Task - Restate the entries below exactly, and keep all images out of the answer.

(Items listed in a dataset)
##############################

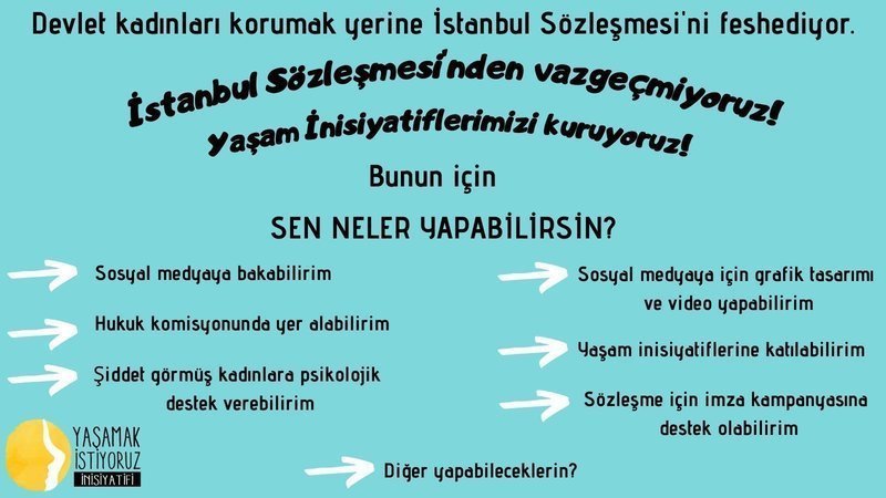 İstanbul Sözleşmesi'nden vazgeçmemek için yaşam inisiyatifleri kuruyoruz. İnisiyatiflerimizde senin de yapabileceğin birçok şey var!
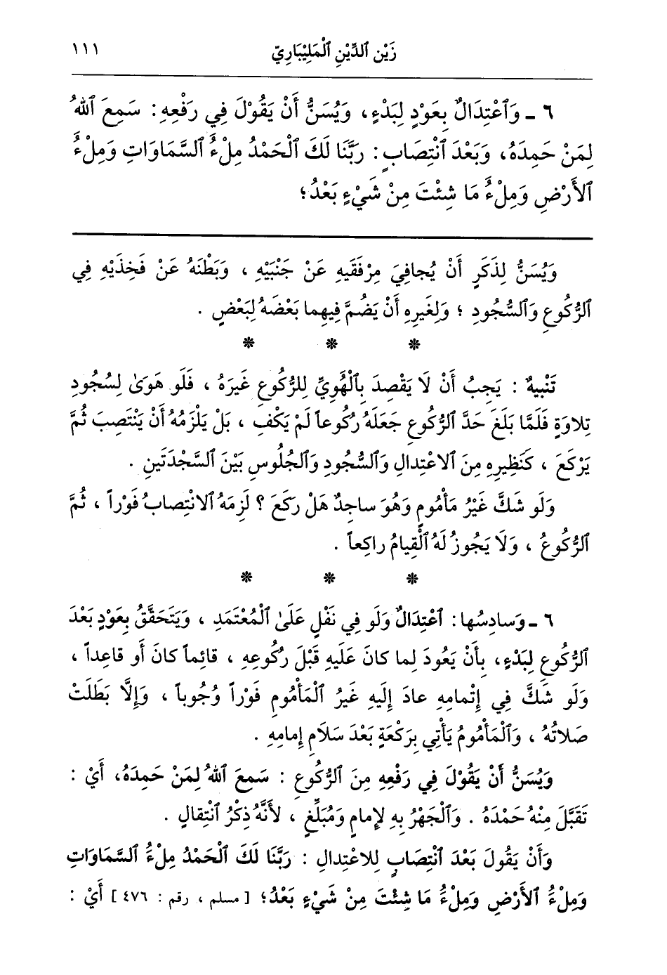 6- واعتدال بعود لبدء ويسن أن يقول في رفعه: سمع الله لمن حمده وبعد انتصاب ربنا لك الحمد ملء السماوات وملء الأرض وملء ما شئت من شيء بعد,
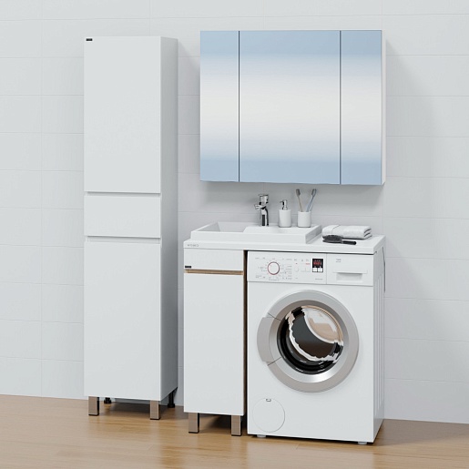 СанТа Мебель для ванной под стиральную машину Марс 90 L белая/янтарное дерево
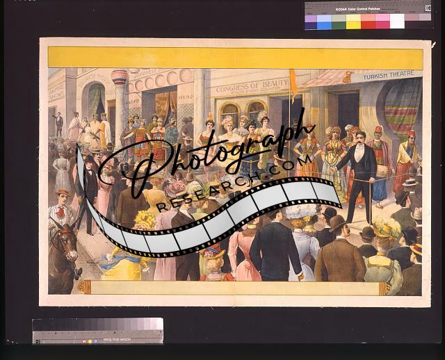 Crowds,circus sideshow viewing,women,men,costumes,c1900
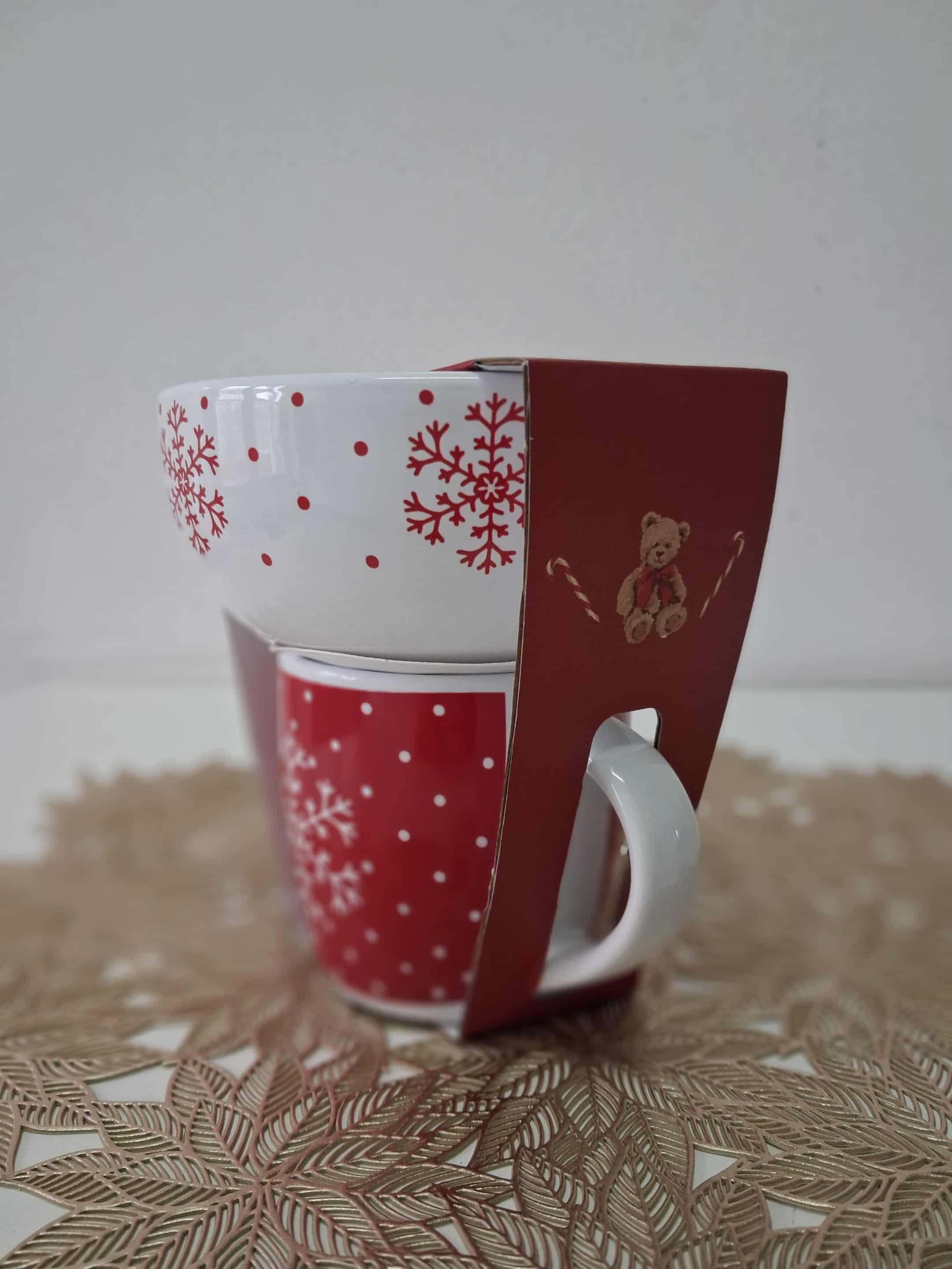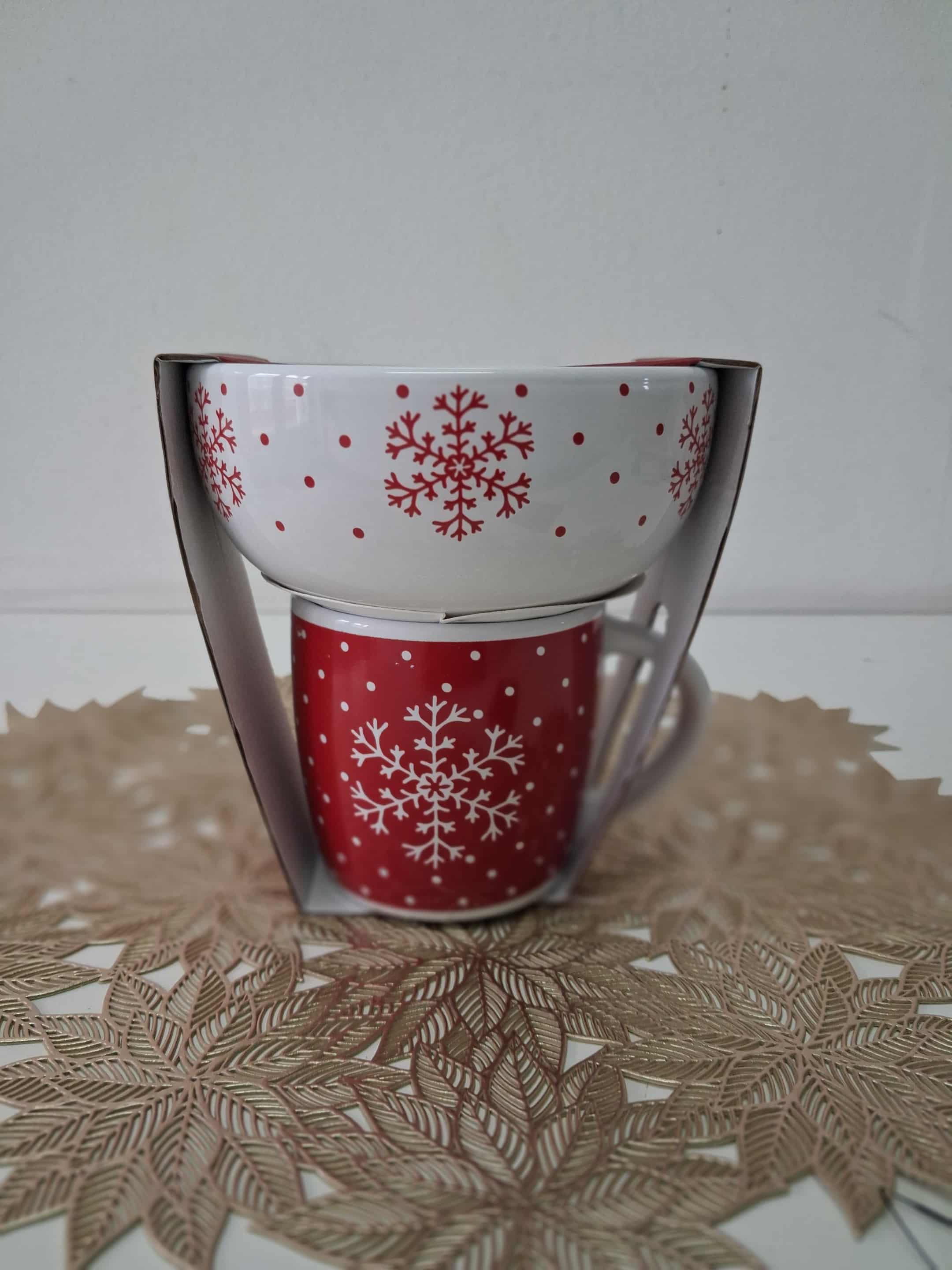 Sadu hrnku a misky s vánočním motivem. Velikost: průměr misky na cereálie 15 cm, výška sady 16,5 cm

##############################

Answer to this exercise -
 İstanbul Sözleşmesi'nden vazgeçmemek için yaşam inisiyatifleri kuruyoruz. İnisiyatiflerimizde senin de yapabileceğin birçok şey var!
 6- واعتدال بعود لبدء ويسن أن يقول في رفعه: سمع الله لمن حمده وبعد انتصاب ربنا لك الحمد ملء السماوات وملء الأرض وملء ما شئت من شيء بعد,
 СанТа Мебель для ванной под стиральную машину Марс 90 L белая/янтарное дерево
 Crowds,circus sideshow viewing,women,men,costumes,c1900
 Sadu hrnku a misky s vánočním motivem. Velikost: průměr misky na cereálie 15 cm, výška sady 16,5 cm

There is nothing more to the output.